→ **SOURCE DATA**
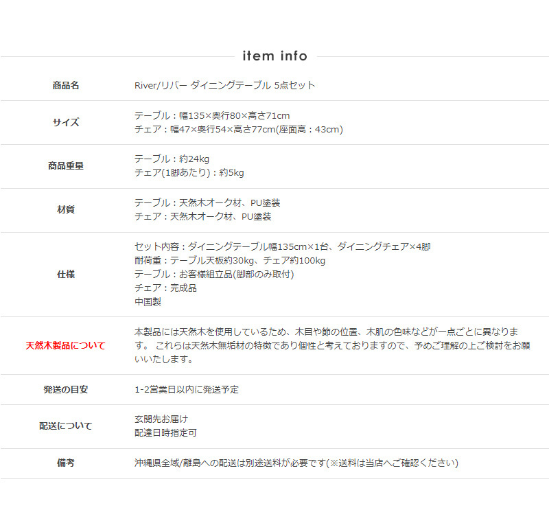 ※本製品には天然木を使用しているため、天板の木目模様や節の位置などは一点ごとに異なります。
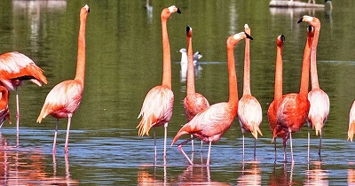 local wildlife and the islet plays host to many birds, including wild pink flamingos.
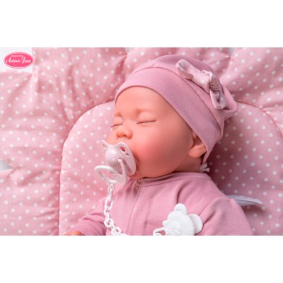 Que ternura mirar a Luna mientras duerme en su bonito cojín en forma de flor. Pon el cojín dentro de su caja y servirá como cunita para Luna. ¿Has visto que alitas tiene su pijama por detrás? ¡Es un angelito! Le encanta que la acurruques y la mimes. Su cuerpo es de tela blandito para poder abrazarla suavemente y su cara y extremidades de suave vinilo. Su ropa está confeccionada con tejidos "Organic Cotton", lo que significa que en su cultivo y en su proceso de producción no se han utilizado productos químicos, solo naturales. Mide 42 cm y pesa 800 gr. ¡Estará encantada de que la abraces! Puede colocarse en muchas posiciones como un bebé real porque sus extremidades giran, tiene movimiento, lo que le hace tener más realismo. ¿Hay algo más adorable que un bebé? Los Recién Nacidos son la esencia de Muñecas Antonio Juan. Un universo de dulzura creados para acompañar a los más pequeños a descubrir el mundo. Compañeros inseparables de largos días de juegos a los que no les falta detalle en sus tiernas facciones y calidad de su ropita y complementos.
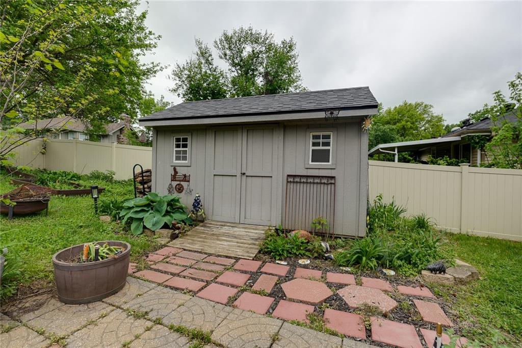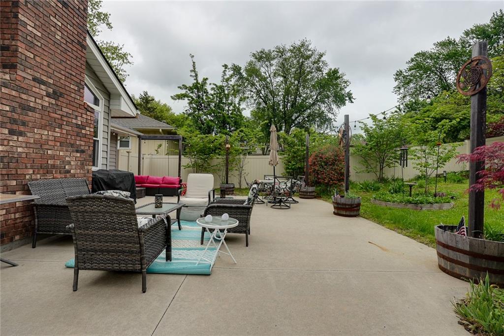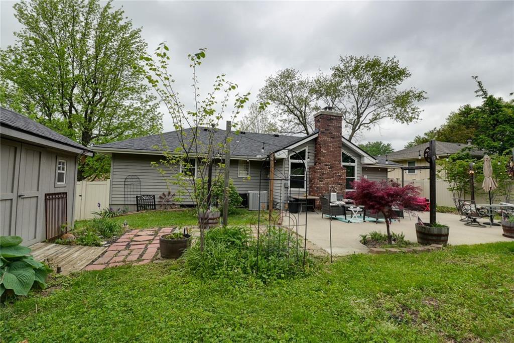 Spacious backyard with a large concrete patio, brick chimney, and a separate storage shed
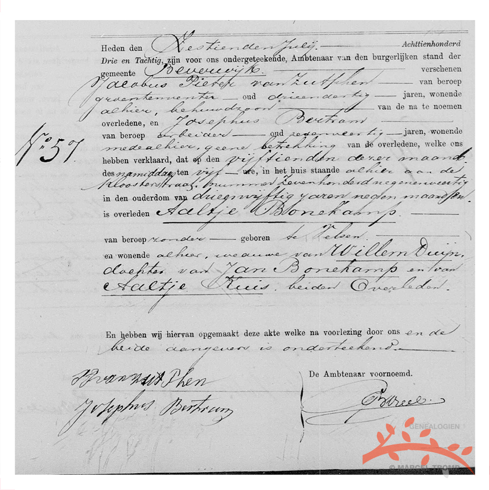 1883, Beverwijk, overlijdensakte van Aaltje |
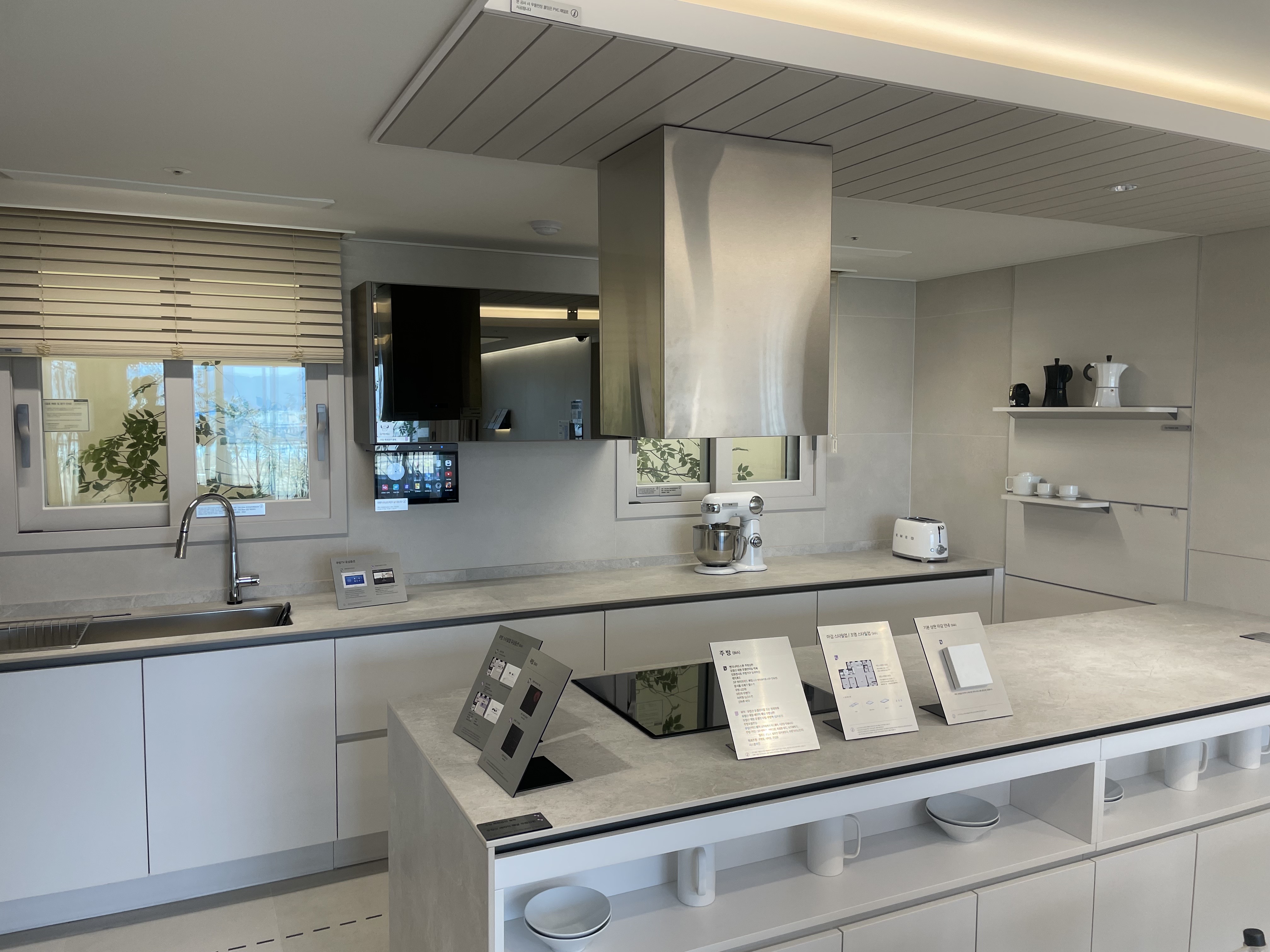 와이드 한 디귿자 구조의 주방은 이동 동선뿐만 아니라 조리 및 수납 등 여러 가지 부분에서 일상생활에 효율적인 활동에 강점을 가지고 있다고 합니다.
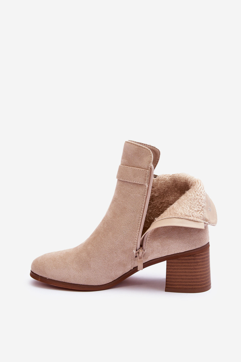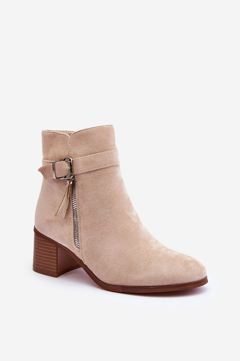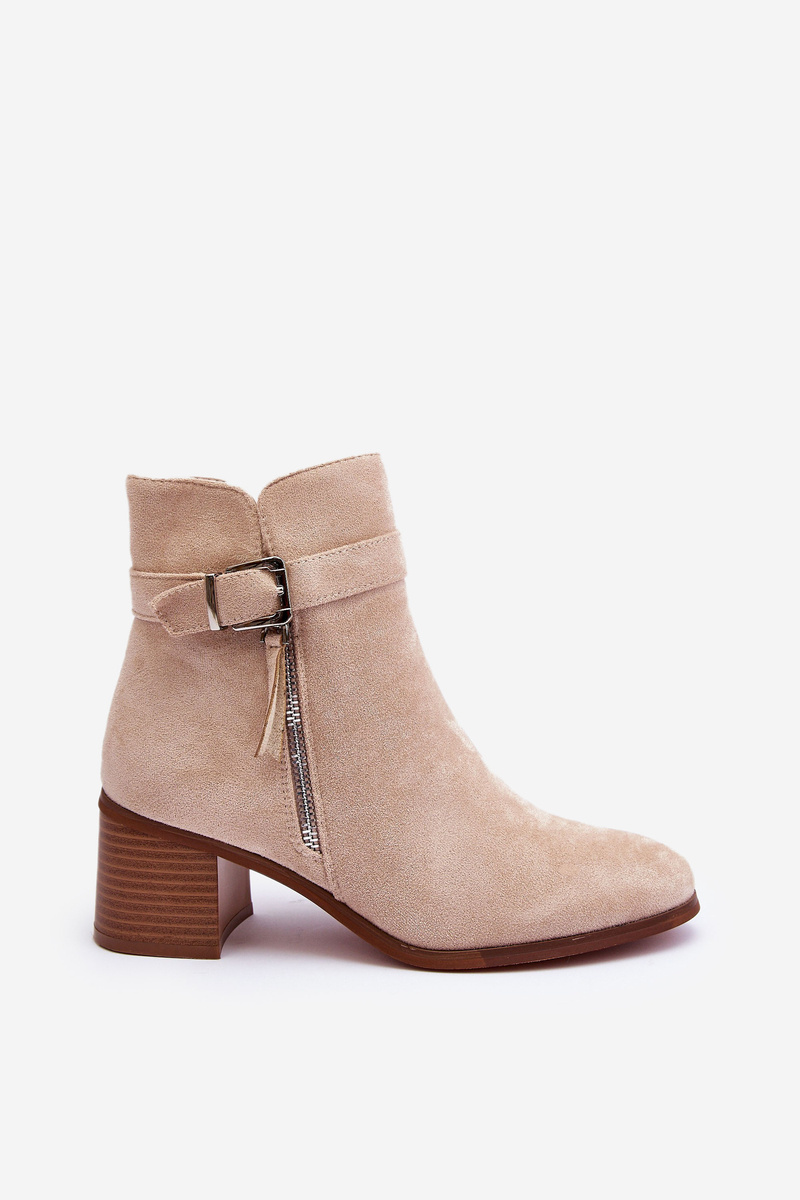 Women's ankle boots made of soft eco suede. Fastened with a zipper. The upper is decorated with a thin strap with a buckle and an additional zipper. The toe of this shoe is stiffened. The interior is padded with a shoe fur. Perfect for many styles! Be sure to check out the other models of ankle boots available in our offer. When choosing a size, please refer to the size chart.
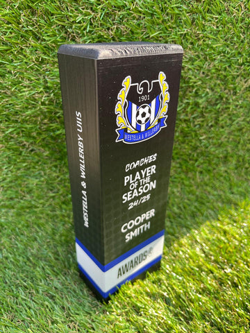 Ideal for football clubs, corporate awards and annual presentations, this personalised wooden trophy delivers timeless quality.
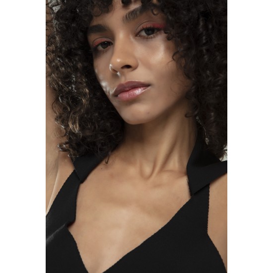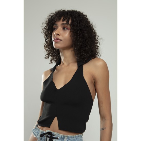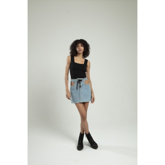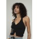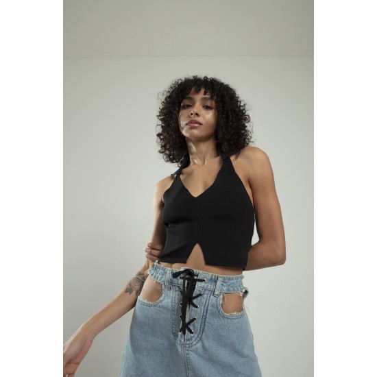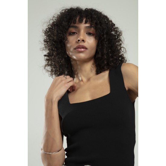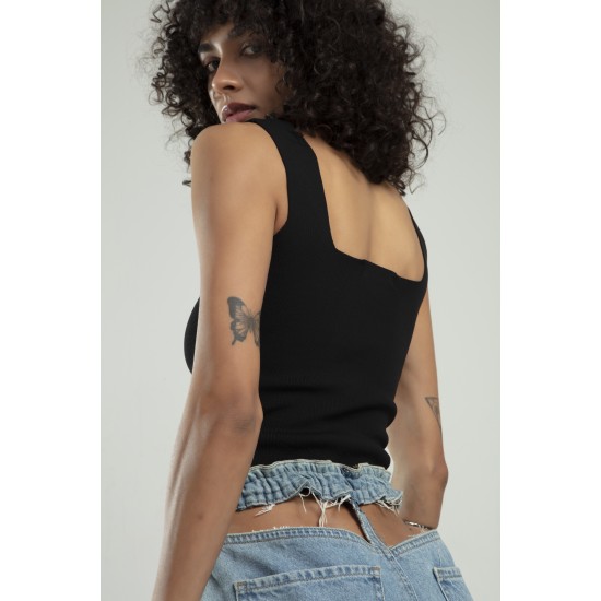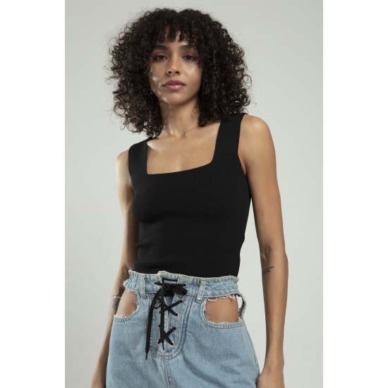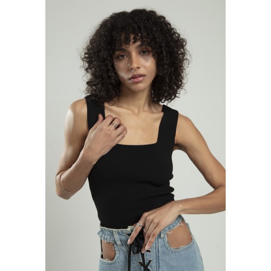 Siyah Renkli Kare Yaka Kadın Spor Askılı Triko Atlet Crop Top Bluz
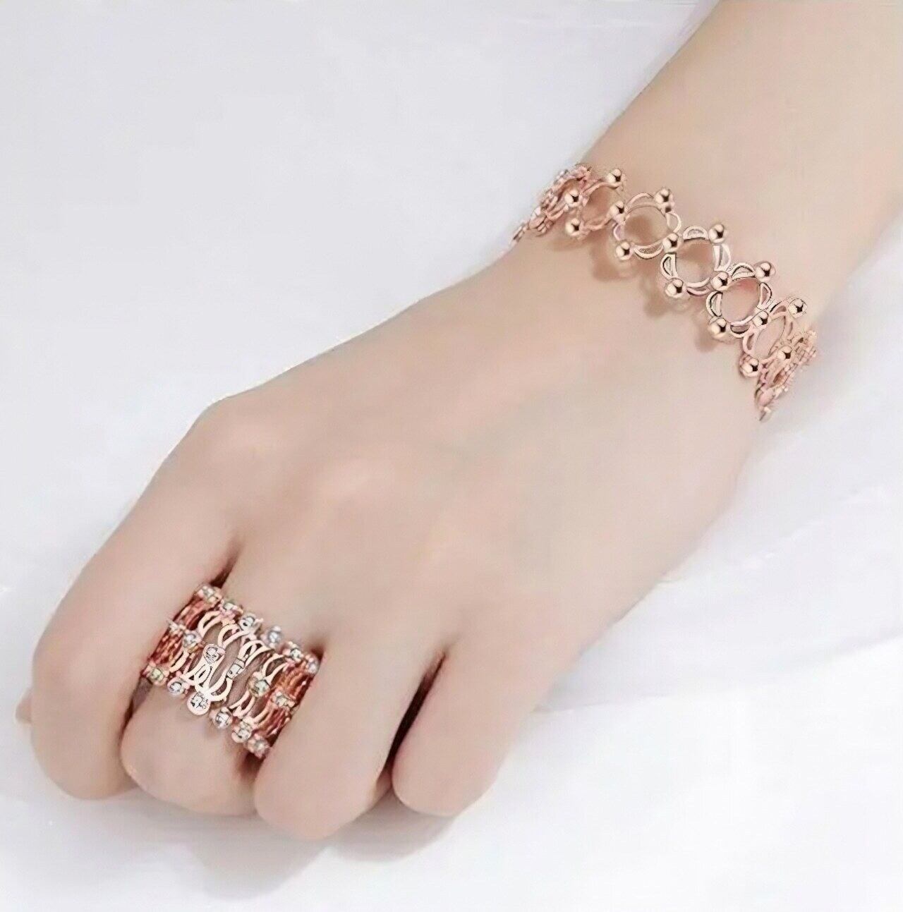 伸縮式のリング・ブレスレットで、1つで2通りの着け方ができますカップルや親友への誕生日プレゼント、記念日のギフト銅メッキシルバーリング

→ **EXERCISE**
All lines from the one containing "1883, Beverwijk, overlijdensakte" to the end of the entries should appear in the output exactly as written, with no pictures.

→ **SOLUTION FOR THIS EXERCISE**
 1883, Beverwijk, overlijdensakte van Aaltje |
 와이드 한 디귿자 구조의 주방은 이동 동선뿐만 아니라 조리 및 수납 등 여러 가지 부분에서 일상생활에 효율적인 활동에 강점을 가지고 있다고 합니다.
 Women's ankle boots made of soft eco suede. Fastened with a zipper. The upper is decorated with a thin strap with a buckle and an additional zipper. The toe of this shoe is stiffened. The interior is padded with a shoe fur. Perfect for many styles! Be sure to check out the other models of ankle boots available in our offer. When choosing a size, please refer to the size chart.
 Ideal for football clubs, corporate awards and annual presentations, this personalised wooden trophy delivers timeless quality.
 Siyah Renkli Kare Yaka Kadın Spor Askılı Triko Atlet Crop Top Bluz
 伸縮式のリング・ブレスレットで、1つで2通りの着け方ができますカップルや親友への誕生日プレゼント、記念日のギフト銅メッキシルバーリング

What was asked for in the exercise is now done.